**Problem requirements:**
Find the line that contains "在特邀报告环节,施虎教授以《" in the entries below. Restate it and every line after it, word for word, with no pictures.

Saved data entries:

- - -

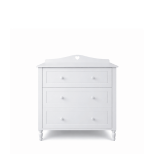 Dekoracyjne frezowania, listwa z motywem serca i delikatne proporcje sprawiają, że komoda tworzy spójną aranżację z innymi meblami z kolekcji GLAMOUR.
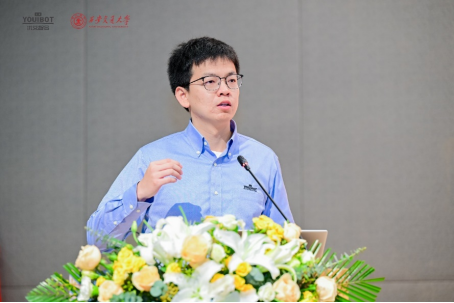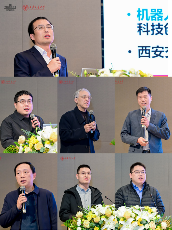 在特邀报告环节,施虎教授以《研究院发展方向及发展宗旨》为题,介绍了具身智能机器人研究院的成立背景、目标、建设方案以及已开展的工作。3003新葡官方网站第一附属医院、陕西省磁医学重点实验室副主任董鼎辉作《磁导航气管插管机器人及磁牵引智能机械臂研究与应用》报告,西安六环公司总经理王俊岭作《新动力传动技术&行星齿轮机器人关节减速器》报告,陕西固高科技有限公司机器人事业部总经理刘宗礼作《全互联、开放式、高性能机器人控制系统》报告,航天科技九院16所研究员刘岗作《特种机器人产业探索与实践》报告,西安交大田洪淼教授团队王铎睿作《微纳粘附结构仿生制造及其粘附操作机器人应用》报告,优艾智合机器人首席技术官边旭作《优艾智合具身智能应用探索》报告。
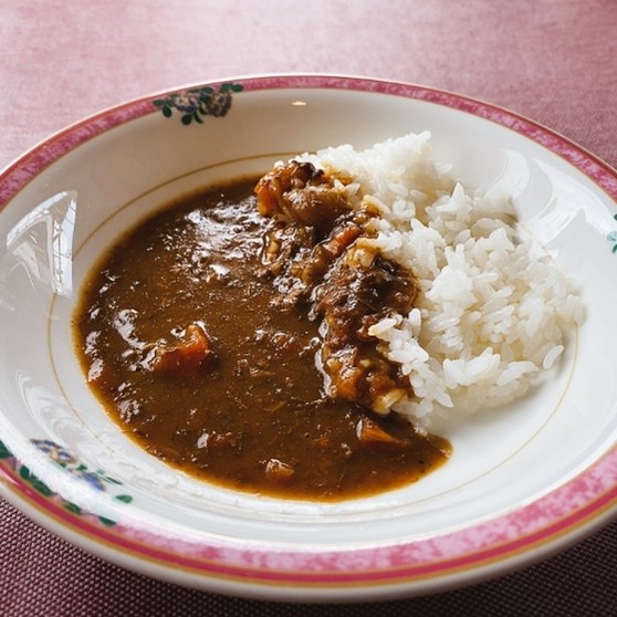 たまねぎを飴色になるまで炒めて、とろけて形が無くなるまで一日かけてじっくり煮込んで、スパイシーな辛さの中にもコクのある甘みを生み出したオリジナルフォンドヴォーとの絶妙なバランスが自慢の、完成までまる2日かけたホテルのカレーライスです。
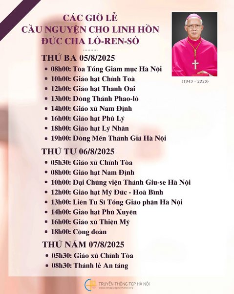 THÔNG BÁOThông báo: Các giờ lễ cầu nguyện cho Đức cha Lô-ren-sô tại nhà thờ Chính Tòa Hà Nội Đăng vào Tháng 8 6, 2025 bởi Nguyễn Quang Ngọc 06 Th8 Nguyễn Quang Ngọc Nghi thức tẫn liệm và Thánh lễ đưa chân Đức Giám mục Lô-ren-sô Chu Văn Minh (08/8/2025 – THỨ SÁU TUẦN 18 THƯỜNG NIÊN) TỪ BỎ CHÍNH MÌNH
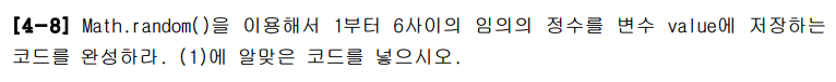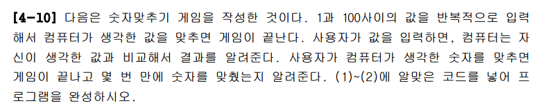 (1)에 들어갈 정답은 (int)(Math.random() * 100) + 1이다. 4-8문제에서도 설명한 내용인데 0~1 사이의 난수를 100을 곱해서 0~100 미만의 수를 갖도록 하고 +1을 해주어 1~100 사이의 임의값을 얻게 해 주었다.
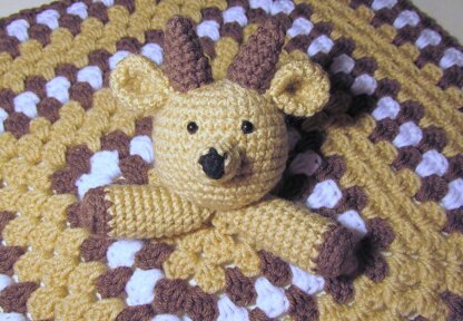 Finished Measurements Horns: 1 ½ inches Snout: ¾ inch Ears: 1 ¾ inch Head: 3 inches front to back Legs: 3 inches long Blanket: Approx. 18 inches or desired size

- - -

**Completed exercise:**
 在特邀报告环节,施虎教授以《研究院发展方向及发展宗旨》为题,介绍了具身智能机器人研究院的成立背景、目标、建设方案以及已开展的工作。3003新葡官方网站第一附属医院、陕西省磁医学重点实验室副主任董鼎辉作《磁导航气管插管机器人及磁牵引智能机械臂研究与应用》报告,西安六环公司总经理王俊岭作《新动力传动技术&行星齿轮机器人关节减速器》报告,陕西固高科技有限公司机器人事业部总经理刘宗礼作《全互联、开放式、高性能机器人控制系统》报告,航天科技九院16所研究员刘岗作《特种机器人产业探索与实践》报告,西安交大田洪淼教授团队王铎睿作《微纳粘附结构仿生制造及其粘附操作机器人应用》报告,优艾智合机器人首席技术官边旭作《优艾智合具身智能应用探索》报告。
 たまねぎを飴色になるまで炒めて、とろけて形が無くなるまで一日かけてじっくり煮込んで、スパイシーな辛さの中にもコクのある甘みを生み出したオリジナルフォンドヴォーとの絶妙なバランスが自慢の、完成までまる2日かけたホテルのカレーライスです。
 THÔNG BÁOThông báo: Các giờ lễ cầu nguyện cho Đức cha Lô-ren-sô tại nhà thờ Chính Tòa Hà Nội Đăng vào Tháng 8 6, 2025 bởi Nguyễn Quang Ngọc 06 Th8 Nguyễn Quang Ngọc Nghi thức tẫn liệm và Thánh lễ đưa chân Đức Giám mục Lô-ren-sô Chu Văn Minh (08/8/2025 – THỨ SÁU TUẦN 18 THƯỜNG NIÊN) TỪ BỎ CHÍNH MÌNH
 (1)에 들어갈 정답은 (int)(Math.random() * 100) + 1이다. 4-8문제에서도 설명한 내용인데 0~1 사이의 난수를 100을 곱해서 0~100 미만의 수를 갖도록 하고 +1을 해주어 1~100 사이의 임의값을 얻게 해 주었다.
 Finished Measurements Horns: 1 ½ inches Snout: ¾ inch Ears: 1 ¾ inch Head: 3 inches front to back Legs: 3 inches long Blanket: Approx. 18 inches or desired size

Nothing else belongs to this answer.